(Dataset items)
────────────────────────────────────────
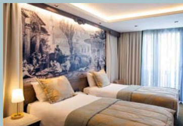
Luxurious Comfort in Istanbul

Accommodation: The accommodation is a particular highlight of this trip and each property has been carefully selected. In Istanbul we stay in a very well located boutique hotel just minutes from the Blue Mosque. In Sirince we overnight in a charming village house and in Safranbolu we experience a typical Ottoman style hotel in the centre of town. At Amasya we relax at a boutique spa hotel and in Goreme we stay in an atmospheric cave-style hotel, with great views of the village.
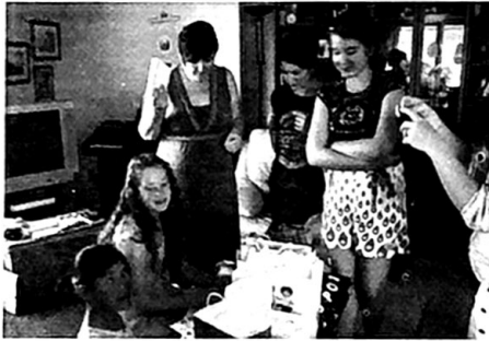
A baby shower was given for a believer in Tournefeuille who just gave birth to a baby girl.

There have been new people on a regular basis in our various meetings
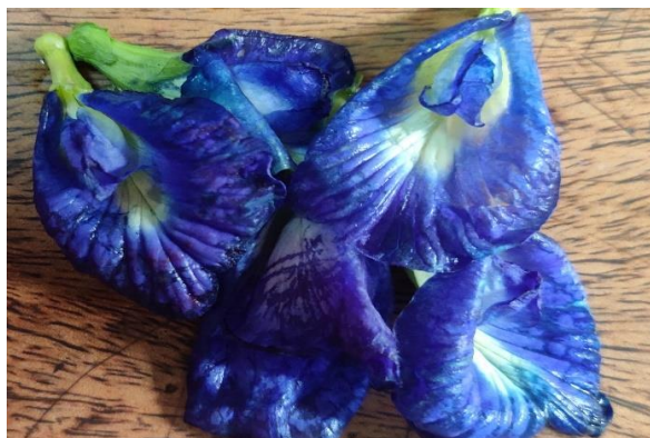
Image 1 Fresh Clitoria ternatea
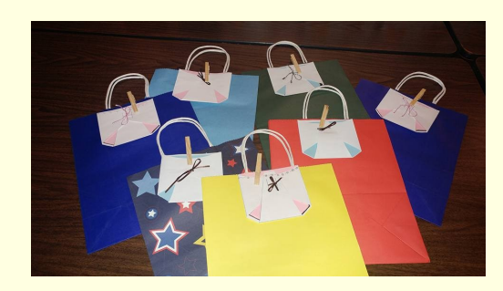
If you are donating diapers - we need sizes 4,5,6!!!

In December we offered bags with gift tags for our family siblings and all were picked up by church families from Northminster Presbyterian Church. They were filled with small treats for the siblings and board members got adorable huge teddy bears that all the babies loved! All families were surprised and very grateful. One mom even brought some sweet bread for the volunteers.
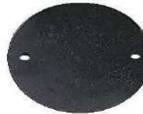
Gasket For: 20mm - 25mm Circular Box
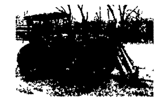
KUBOTA M6950DT 66 HP 4WD w/Loader and Bale Spear - Nice

Mon.-Fri. 7:30 AM to 5:00 PM Sat. 7:30 to Noon
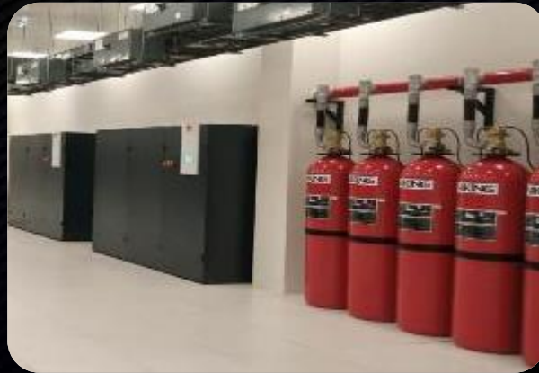
Highly Vigilant VESDA and Fire Suppression System
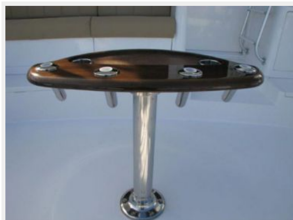
Cockpit / Fishing Equipment 4 - Rocket Launcher
────────────────────────────────────────
— What to work on —
Working from the data above, repeat exactly, and only, the lines that begin at the line containing "Image 1 Fresh Clitoria ternatea" and stop after the line containing "If you are donating"; pictures are not copied.

— Response area —
Image 1 Fresh Clitoria ternatea
If you are donating diapers - we need sizes 4,5,6!!!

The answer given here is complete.